EXERCISE DIRECTIONS:
Every line below needs to be printed again exactly, without any of its pictures.

──────── PROVIDED MATERIAL ────────

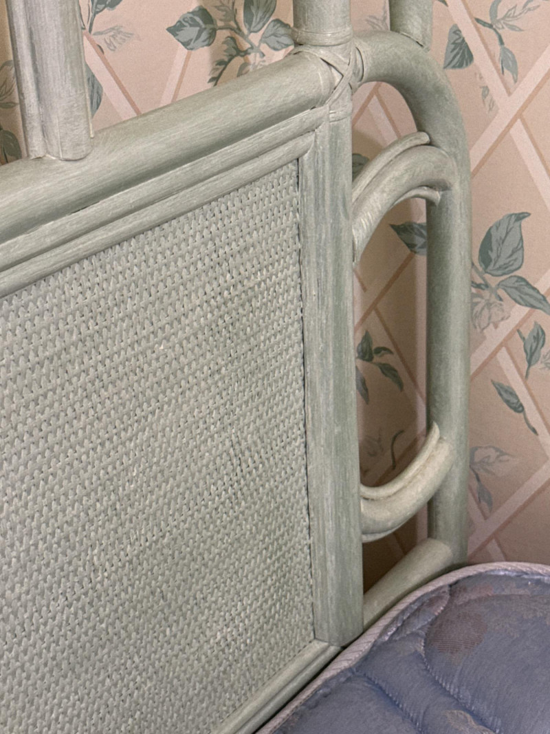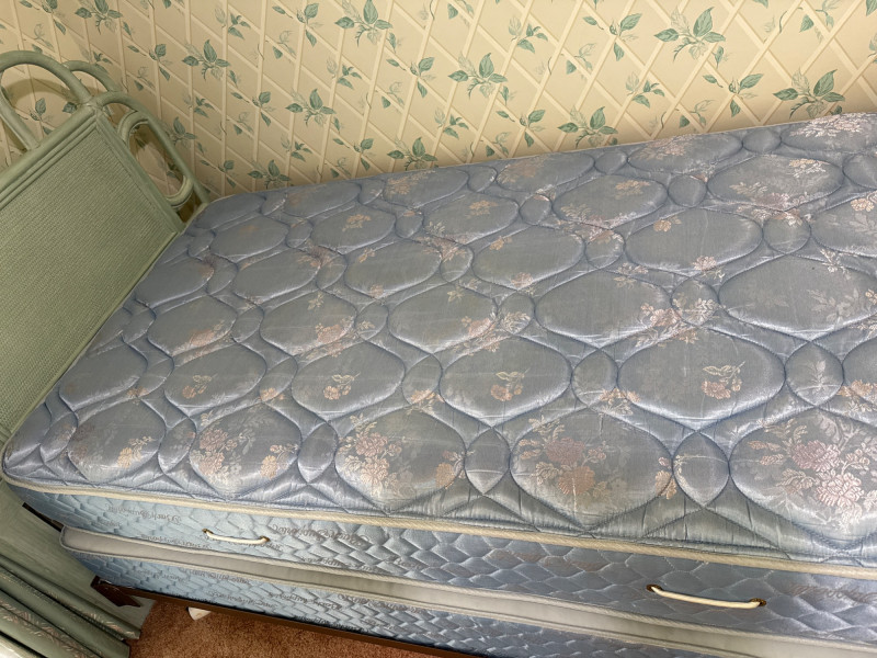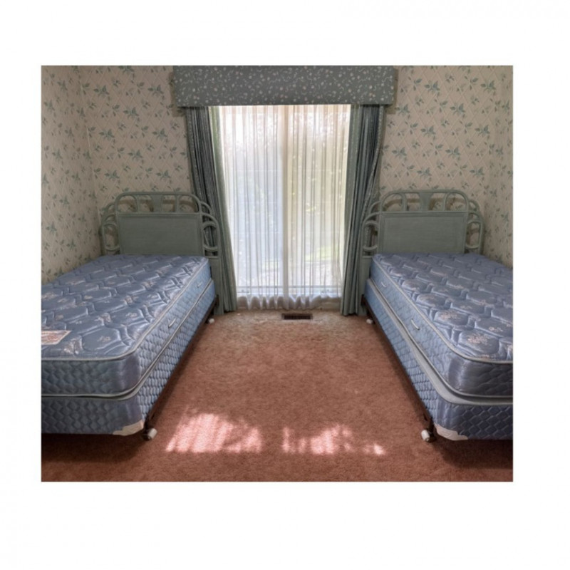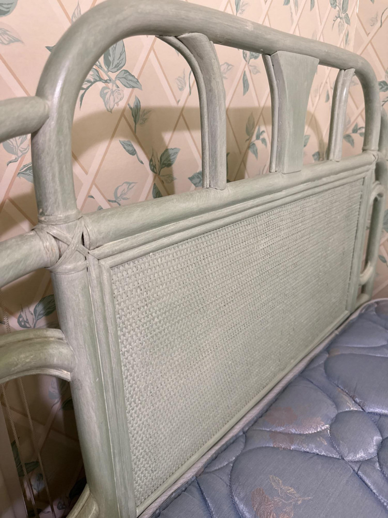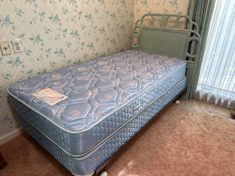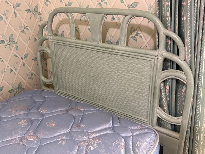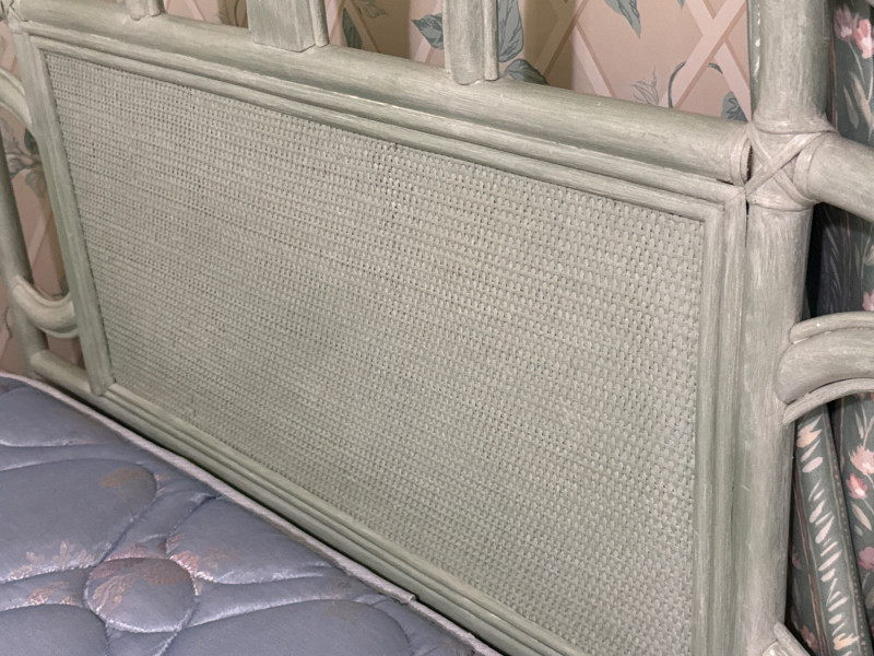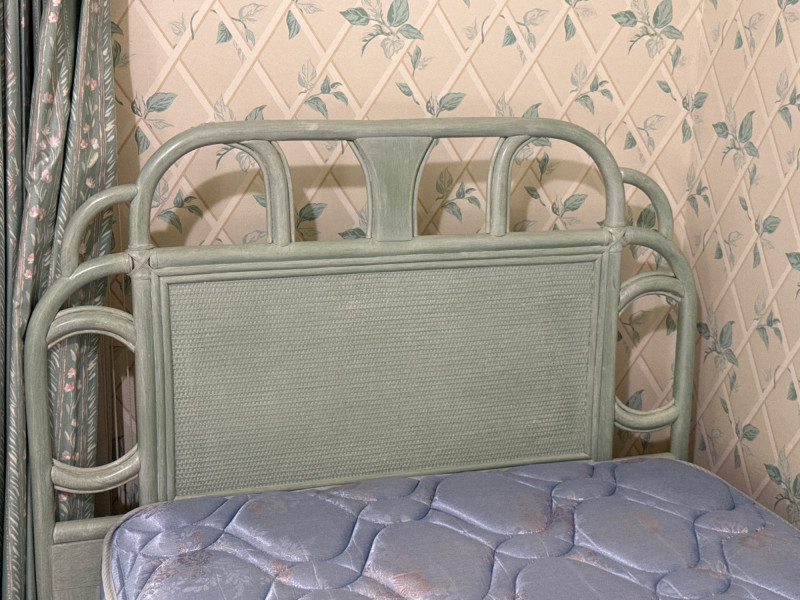 Vintage Twin Beds Ficks Reed Style with Rattan Headboards & Mattresses Bring timeless coastal elegance to your space with this vintage twin bed set styled in the manner of Ficks Reed. Each bed features a painted mint-green rattan frame with an arched headboard and woven cane center panel, offering a breezy, sophisticated look perfect for any coastal or tropical-inspired interior. Design: Painted rattan frames with arched cane panel headboards in Ficks Reed style Mattresses: Spring Air “Back Supporter Prelude” Luxury Firm – appear unused Support System: Matching box springs and metal rolling frames with casters included Headboards: approx. 45" tall × 41" wide Beds: approx. 76" long × 36" wide (standard twin size) Mattresses appear unused and in excellent condition *Tools not available. Bring equipment and help to load.Features:
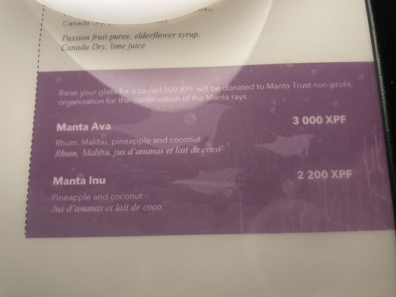 ドリンクは、マンタトラストへの支援につながるマンタAVAと、マンタイヌにしました。マンタイヌの方はノンアル!
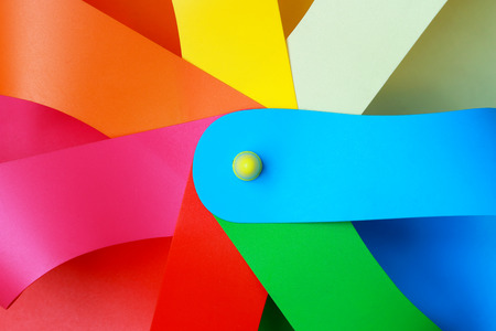 Colorful paper windmill on white textured background

────────

WRITTEN RESPONSE:
 Vintage Twin Beds Ficks Reed Style with Rattan Headboards & Mattresses Bring timeless coastal elegance to your space with this vintage twin bed set styled in the manner of Ficks Reed. Each bed features a painted mint-green rattan frame with an arched headboard and woven cane center panel, offering a breezy, sophisticated look perfect for any coastal or tropical-inspired interior. Design: Painted rattan frames with arched cane panel headboards in Ficks Reed style Mattresses: Spring Air “Back Supporter Prelude” Luxury Firm – appear unused Support System: Matching box springs and metal rolling frames with casters included Headboards: approx. 45" tall × 41" wide Beds: approx. 76" long × 36" wide (standard twin size) Mattresses appear unused and in excellent condition *Tools not available. Bring equipment and help to load.Features:
 ドリンクは、マンタトラストへの支援につながるマンタAVAと、マンタイヌにしました。マンタイヌの方はノンアル!
 Colorful paper windmill on white textured background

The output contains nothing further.